Running the docker stack file
With all of these changes in place we are ready to run the stack file. We included a script to run the stack file and create the volumes needed in the stack file. This script simply creates the volumes directories and runs the docker stack deploy ... command.
sudo ./run.sh
Once the stack is up you can run the following command to view the running services:
sudo docker stack services edgex-overlay
Confirming results
To ensure the device service is running on the worker node you can run the docker stack ps edgex-overlay command. Now check that you see the device service running on the worker-node while all of the other services are running on your host.
We have encryption enabled but how to we confirm that the overlay network is encrypting our data?
We can use tcpdum with a protocol filter for ESP (Encapsulating Security Payload) traffic on the worker node this allows us to sniff and ensure the traffic is coming over the expected encrypted protocol.
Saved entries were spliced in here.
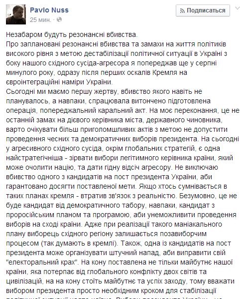 "Сегодня мы имеем первую жертву, убийство которого даже не планировалось, а наоборот, сработала изящно подготовленная операция, предупреждающий карательный акт. По моему убеждению, это не последнее покушение на действующего руководителя города, государственного чиновника, следует ожидать более потрясающих актов с целью не допустить проведения честных и демократических выборов президента. На сегодня у агрессивного восточного соседа, кроме глобальных стратегий, есть одна самая стратегическая - сорвать выборы легитимного руководителя страны, который может возглавить нацию, и дать достойный отпор агрессору. Не исключаю убийство одного из кандидатов на пост президента Украины, чтобы гарантированно достичь поставленной цели. Если кто-то сомневается в таких планах кремля - потерял связь с реальностью. Безусловно, это не будет кандидат от демократического лагеря, наоборот, кандидат с пророссийским планом и программой, чтобы сделать невозможным проведение выборов на востоке страны. Ведь при реализации такого маниакального плана избиратель восточного региона остается вне выборного процесса (так думают в Кремле) . Также, одна из кандидатов на пост президента может организовать искусственное нападение, чтобы исправить свой "электоральный крах". На кону поставлено не только будущее нашей страны, которая страдает от глобального конфликта двух миров и цивилизаций, на кону стоит будущее и успех мероприятия, поэтому считать выбором президента просто необходимым шагом для стабилизации политической ситуации слишком наивно. Выборы президента Украины - это проигрыш стратегии Путина. Если нация выберет президента в первом туре, проигнорировав провокации и возможный резонанс - мы выиграем императора маниакальной империи. Если пойдем другим путем - проиграем не мы, проигрывает демократический мир, а мы просто будем уничтожены как нация, народ, страна, государство", - написал Павел Нусс.
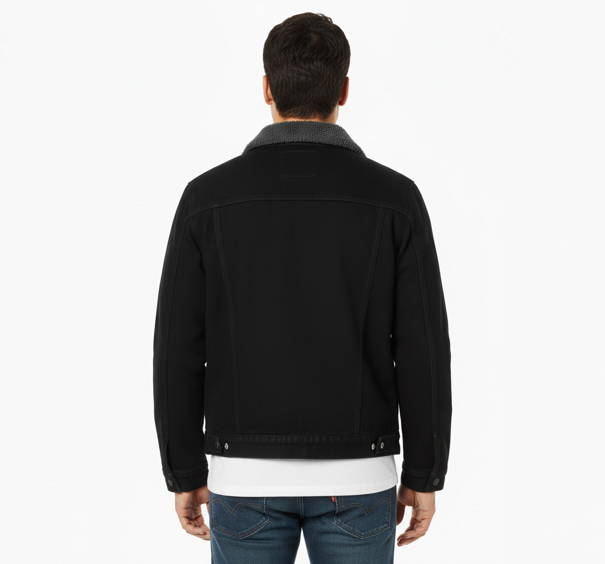 Chaqueta Levi’s ovejera de mezclilla con forro cálido de sherpa, ideal para un estilo clásico y funcional en climas fríos.
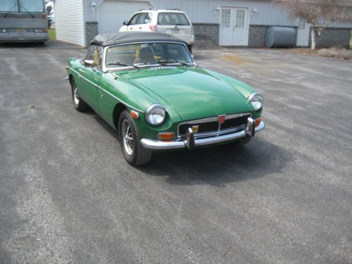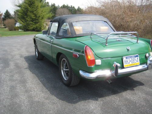 Relisted due to non-paying bidder. 1974 MGB British racing green 4cyl 4sp. car has 67,000 miles. Excellent body paint and upholstery. Weber carb, new top, am-fm cass.radio with power antenna. All gauges, directional signals and lights working. Car has current inspection sticker and is register in Pa. Last year for the chrome bumper cars. Great car to take to the shows and weekend cruises. Runs and drives well. Ready for summer fun. Feel free to ask any questions. Thanks
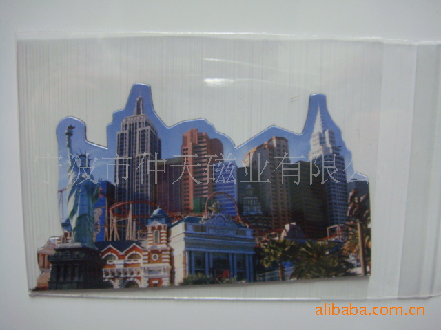3) 磁性冰箱贴:采用下面软胶磁铁+上面铜版纸或PVC彩色印刷腹膜制作而成。常规使用的是0.4MM厚的软磁
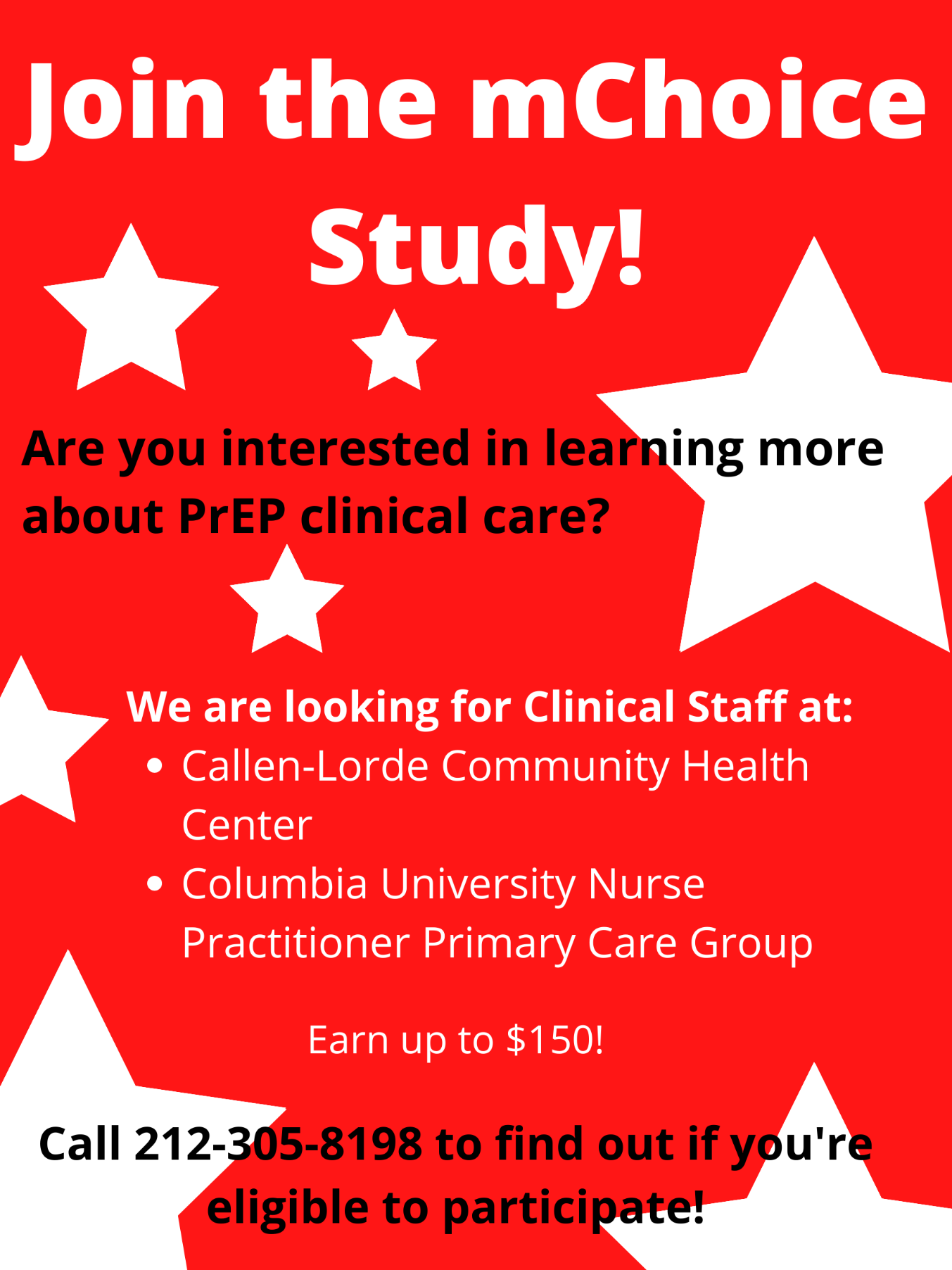 I hope this email finds you well. We are conducting a research study called mChoice: Improving PrEP Uptake and Adherence among Minority MSM through Tailored Provider Training and Adherence Assistance in Two High Priority Settings study at [Study Site] to better understand provider experience with PrEP care, clinic processes, and clinic cultures. I am reaching out to see if you would be interested in participating in this paid research study. Participating clinicians will receive $150. Please respond to this email if you are interested or for more information. Thank you and have a great day!
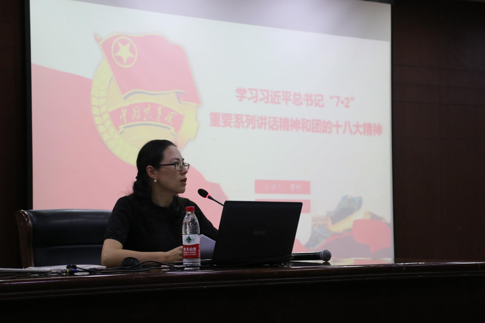 曹桢老师以“学习习近平总书记‘7·2'系列重要讲话精神和团的十八大精神”为主题,向同学们系统阐述了共青团员的职责使命以及习近平总书记对广大青年的殷切希望。不仅让在座的同学们感受到了党中央对青年们的关心照顾,也进一步提升了在座同学身为一名共青团员的自豪感。
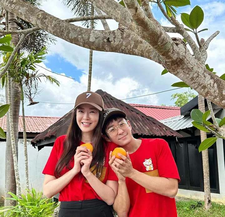 田铭耀和刘子绚2017年结婚至今,感情甜蜜恩爱,Jeremy年初二po上贺年照,还搞笑地扮小鸟依人,靠在老婆大人的香肩上,祝福大家:“平安健康,如意吉祥,快乐每一天。”
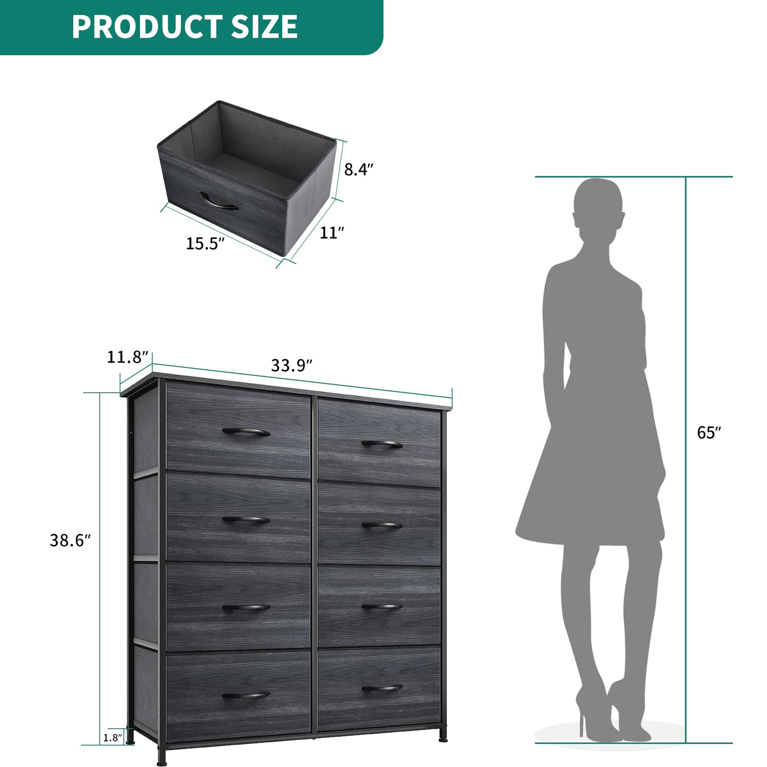 - LARGE CAPACITY- 8 drawers provide multiple storage options and ample room to make your living space neat and tidy; Overall Dimensions: 33.9" L x 11.8" W x 38.6" H. Drawer Dimensions: 15.6" L x 11.2" W x 8.5" H
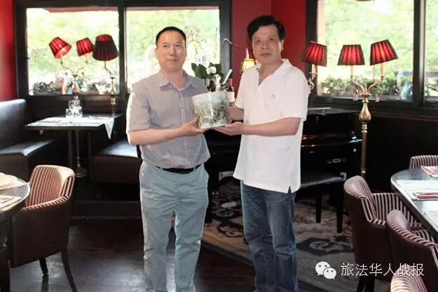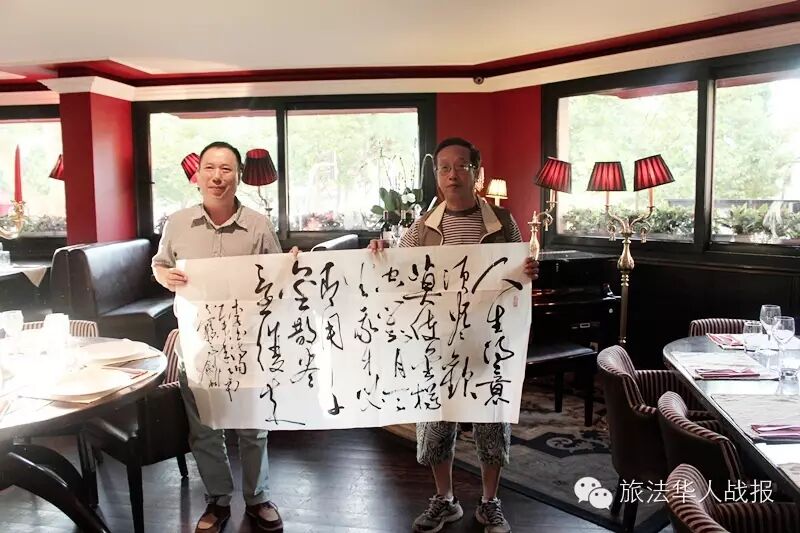 法国金华商会会长张磊对陈军先生的到来表示热烈欢迎,并对其在法国书画展的顺利举行表示祝贺。张磊向与会嘉宾介绍说,兰溪市是浙江中西部重要的工业和旅游城市,风光秀美、人杰地灵,现由金华市代管,陈军也是金华人。张磊自豪地说到,家乡人才辈出,在各个领域发展并有所建树,希望今后能与家乡更多的人才深入交流,寻求合作。
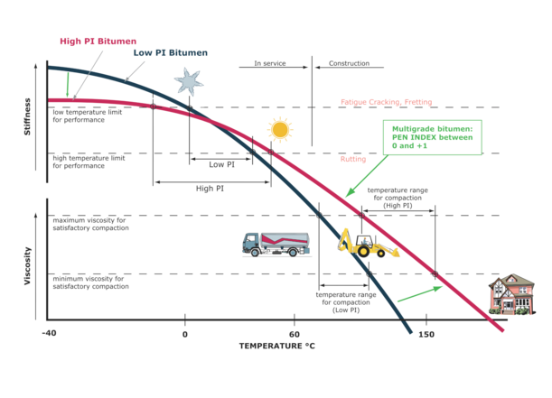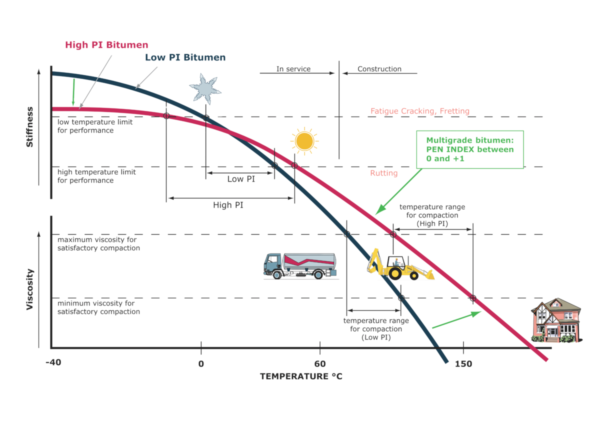 - Compared to straight-run bitumen, Biturox® bitumen has a flatter viscosity curve and a higher PEN index. This makes it more resistant to highly variable climatic conditions.

Adding a -A flag would also highlight that the data is not in the HTTP protocol format.
sudo tcpdump -p esp
Tearing everything down
To remove the stack run the command:
sudo ./down.sh
This will remove the volumes and the stack.
To remove the swarm itself run: on the worker node docker swarm leave and on the host machine docker swarm leave --force.
To remove the vagrant VM run vagrant destroy on the host.